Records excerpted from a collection
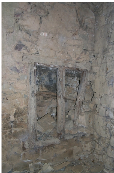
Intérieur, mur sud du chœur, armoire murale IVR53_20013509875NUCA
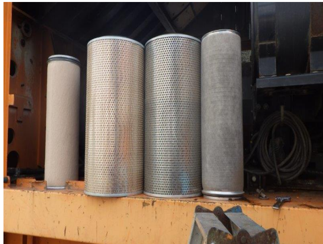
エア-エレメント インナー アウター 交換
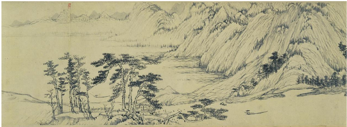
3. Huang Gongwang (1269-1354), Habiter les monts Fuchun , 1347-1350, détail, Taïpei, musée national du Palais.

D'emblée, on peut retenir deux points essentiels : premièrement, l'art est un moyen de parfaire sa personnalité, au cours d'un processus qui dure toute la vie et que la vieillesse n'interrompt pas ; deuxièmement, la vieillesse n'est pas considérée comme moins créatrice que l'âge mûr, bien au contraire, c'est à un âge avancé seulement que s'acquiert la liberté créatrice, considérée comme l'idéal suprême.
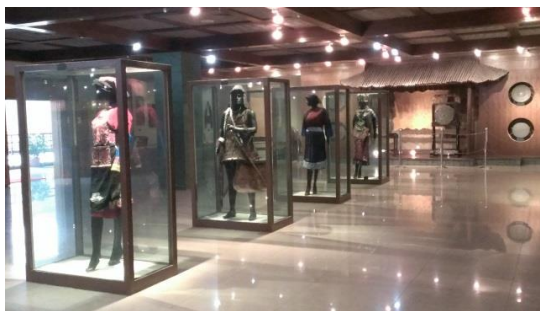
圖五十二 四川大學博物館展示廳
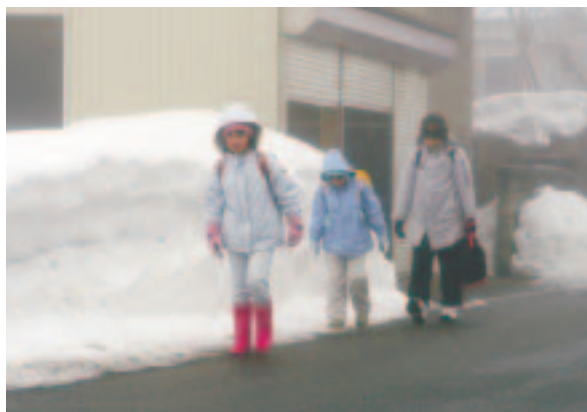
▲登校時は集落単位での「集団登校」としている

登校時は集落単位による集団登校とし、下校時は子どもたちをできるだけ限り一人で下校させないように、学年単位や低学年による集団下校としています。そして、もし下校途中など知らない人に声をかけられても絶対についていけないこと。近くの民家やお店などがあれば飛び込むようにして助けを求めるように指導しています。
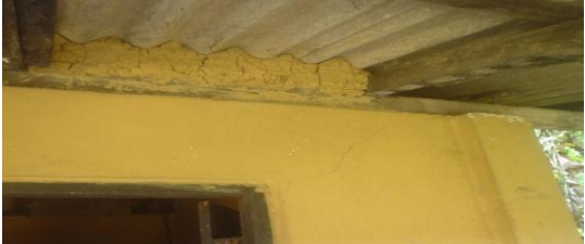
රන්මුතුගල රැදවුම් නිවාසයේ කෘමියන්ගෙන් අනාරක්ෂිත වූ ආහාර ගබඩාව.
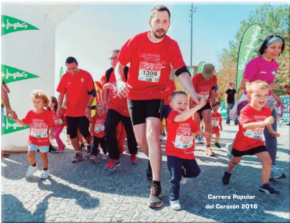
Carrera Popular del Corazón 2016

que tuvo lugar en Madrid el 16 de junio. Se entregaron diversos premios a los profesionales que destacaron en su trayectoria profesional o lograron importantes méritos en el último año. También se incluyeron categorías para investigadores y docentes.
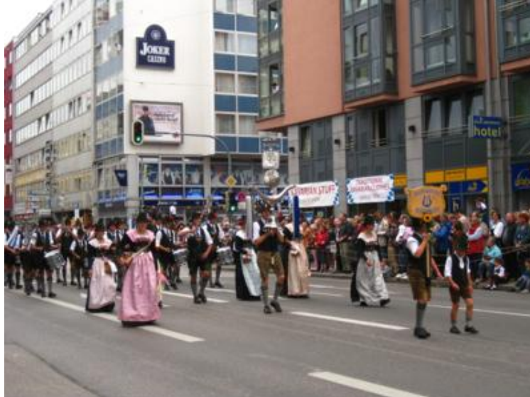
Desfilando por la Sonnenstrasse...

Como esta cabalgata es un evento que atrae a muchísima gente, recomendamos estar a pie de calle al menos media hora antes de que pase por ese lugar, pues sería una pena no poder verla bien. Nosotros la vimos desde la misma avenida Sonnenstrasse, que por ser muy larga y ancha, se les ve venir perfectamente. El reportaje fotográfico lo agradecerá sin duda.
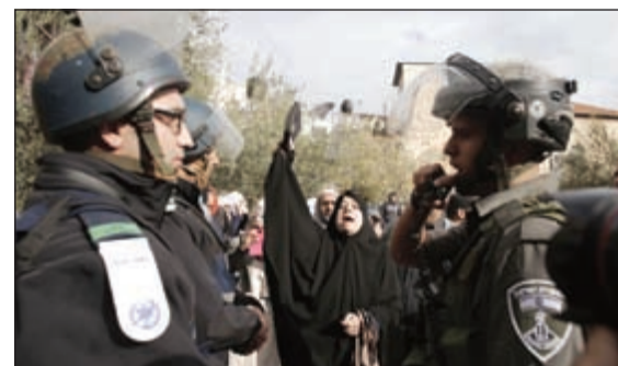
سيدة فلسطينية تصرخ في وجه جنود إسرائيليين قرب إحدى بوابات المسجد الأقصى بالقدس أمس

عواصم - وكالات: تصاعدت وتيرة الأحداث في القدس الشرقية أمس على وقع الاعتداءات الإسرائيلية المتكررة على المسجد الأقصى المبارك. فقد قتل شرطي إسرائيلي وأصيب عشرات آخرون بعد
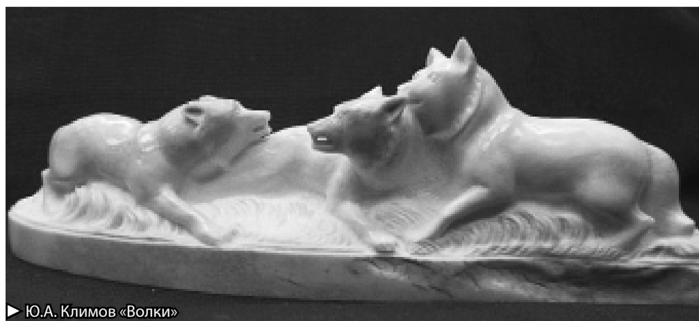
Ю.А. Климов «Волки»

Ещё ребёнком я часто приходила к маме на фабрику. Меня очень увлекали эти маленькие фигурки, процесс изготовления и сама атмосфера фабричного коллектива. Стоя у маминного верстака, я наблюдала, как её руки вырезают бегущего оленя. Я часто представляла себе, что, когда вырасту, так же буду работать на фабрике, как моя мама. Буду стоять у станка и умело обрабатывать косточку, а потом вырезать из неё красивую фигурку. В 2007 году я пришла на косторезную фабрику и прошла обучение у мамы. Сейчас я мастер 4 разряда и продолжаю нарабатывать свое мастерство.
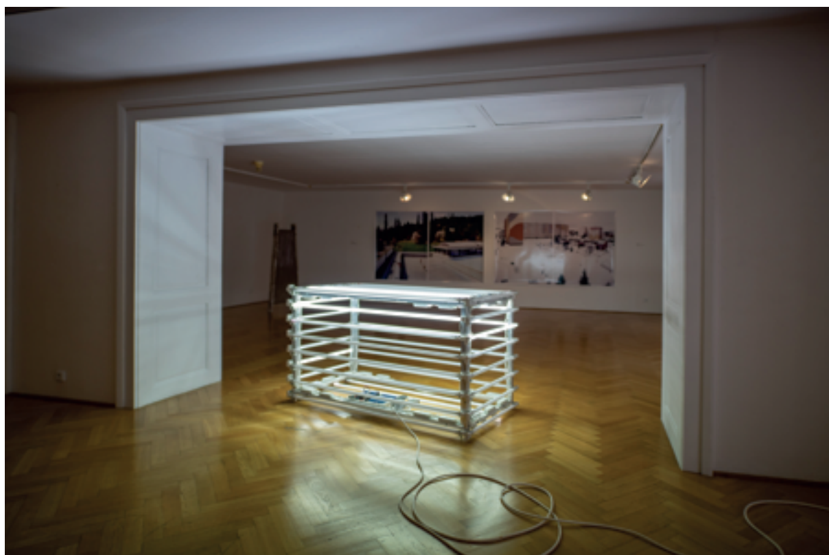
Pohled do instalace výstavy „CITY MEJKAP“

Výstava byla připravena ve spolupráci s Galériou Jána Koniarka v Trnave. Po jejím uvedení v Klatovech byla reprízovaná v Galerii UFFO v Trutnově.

- [What needs to be done]:
Across the data, find each line that has "الأقصى" in it and copy that line.

- [Task response]:
سيدة فلسطينية تصرخ في وجه جنود إسرائيليين قرب إحدى بوابات المسجد الأقصى بالقدس أمس
عواصم - وكالات: تصاعدت وتيرة الأحداث في القدس الشرقية أمس على وقع الاعتداءات الإسرائيلية المتكررة على المسجد الأقصى المبارك. فقد قتل شرطي إسرائيلي وأصيب عشرات آخرون بعد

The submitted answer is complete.